Xさんを連れて家族が外来に来たのは3年前のことです。Xさんはパーキンソン症
候群のため、起居動作が困難で、痴ほうの初期症状も出ていたため、家族は入院治療させたかったのです。しかし、Xさん本人は頑として拒否しました。
薬物治療も受けていなかったXさんは、無表情で反応が乏しく、意欲も低下していました。しかし、最低限の筋力は保たれていて、適切な指示があれば在宅でもリハビリができそうでした。
早速、訪問スタッフに連絡をとり、もっとも簡単で効果的なものとして、起立訓練から始めました。しかし、Xさんは、立ち上がろうとすると後方にそっくり返ってしまいます。軽くうなじを押さえるだけのちょっとしたコツを指導すると、身体の小さな奥さんにも楽に訓練介助ができました。
3カ月後、Xさんは自分で立ち上がり、ポータブルトイレに乗り移れるようになりましたが、歩こうとすると、やはり後方にそっくり返ってしまいます。そこで、歩行訓練の前に前屈運動を十分に行ったり、両ひざに手をついて前傾姿勢を保つなど、ちょっとした姿勢の工夫をお願いしました。
半年後、Xさんはトイレまで歩いて行けるようになり、表情も明るく、冗談を口にするようになりました。しかし、体が固いため、歩くことはできても起きあがることができません。次は、体をひねる訓練を集中して行うよう、訪問スタッフと奥さんにお願いしました。
さらに半年後、Xさんは自力でベッドから起きあがれるようになりました。バランス能力も改善し、数年ぶりに玄関を下りて庭に出ることもできました。
最近では不確かだった尿意も改善して、ほぼ完全におむつを外して生活しています。ここまでたどり着くには、適切な薬物療法にもまして、訪問スタッフと家族の絶え間ない努力が必要でした。

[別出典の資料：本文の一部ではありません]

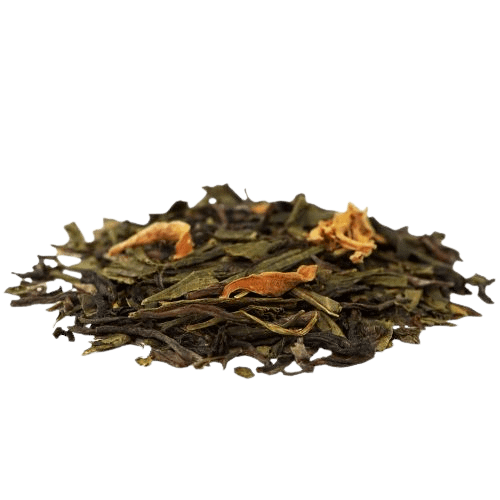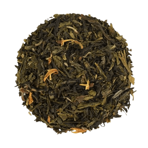Thé vert China Sencha*, thé vert China Jasmin*, China Green Jade*, fleurs d’oranger*, arôme naturel de fleur d’oranger, arôme naturel d’ylang ylang, arôme naturel d’orange, arôme naturel de pamplemousse.
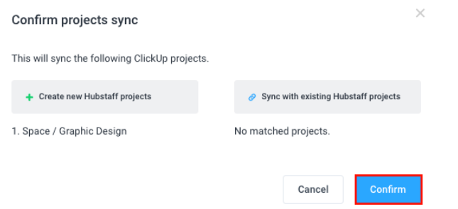 - Sync all – all projects are synced to Hubstaff, and if a project with the same name doesn’t exist, each new project will automatically be created and synced once you click on the Confirm button.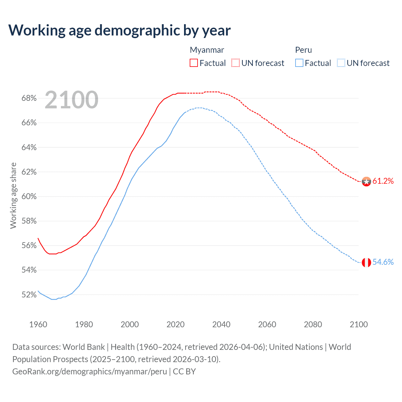 - Myanmar has 37.8M working age adults (aged 15-64) vs 23.4M in Peru.

入院して集中的にやれば短期間ですんだことかもしれませんが、一つ一つ順を追って訓練を進めていけば、Xさんのように、在宅でも潜在能力を引き出せる人もいます。
最近は在宅リハビリのケースも増えてきましたが、在宅だから維持的なものばかりとは限りません。介護保険が、単に療養の場所を変えるだけのものではなく、適切で積極的な在宅リハビリを支援するものであってほしいと願います。
(鹿児島大学医学部リハビリテーション科・東郷伸一)
目次に戻る
WEB master 註:本文に記した「パーキンソン症候群のリハの内容」について、WEB master の知人から照会を頂いた。本当にそれだけの訓練で良くなるのか、あるいは、本文に記してあるリハの内容は適切なもので本当に効果的なのか? という御質問である。
前者について言えば、答えはNOである。現実には、もっといろいろな訓練内容を組み合わせてある。しかし、家族や訪問ナースにお願いする内容は、あまり込み入ってしまっても逆効果なので、出来るだけワンポイントに絞ってお願いすることにしている。そのワンポイントが、本文に記したような内容であった、ということである。
ただ、このようなワンポイントに家族が熱心に取り組んでくれなければ、本文に記したような回復は得られなかったろうと WEB master は感じている。ごくたまにPTなりの専門家が訪問するだけで、そんなに良くなるわけがない、継続・繰り返しの量こそが力になる、という点は否定できない。
したがって、後者については、YESと答えたい。かなり効果的であったし、この患者さんに関して言えば、適切な訓練指示であったと思っている。成書にばかり目を奪われないで、現実に即して患者さんと向き合っていれば、こういうアプローチも十分にあり得るものだろう、などと、ちょっと偉そうに(走召・糸色・火暴・笑)回答しておきたい。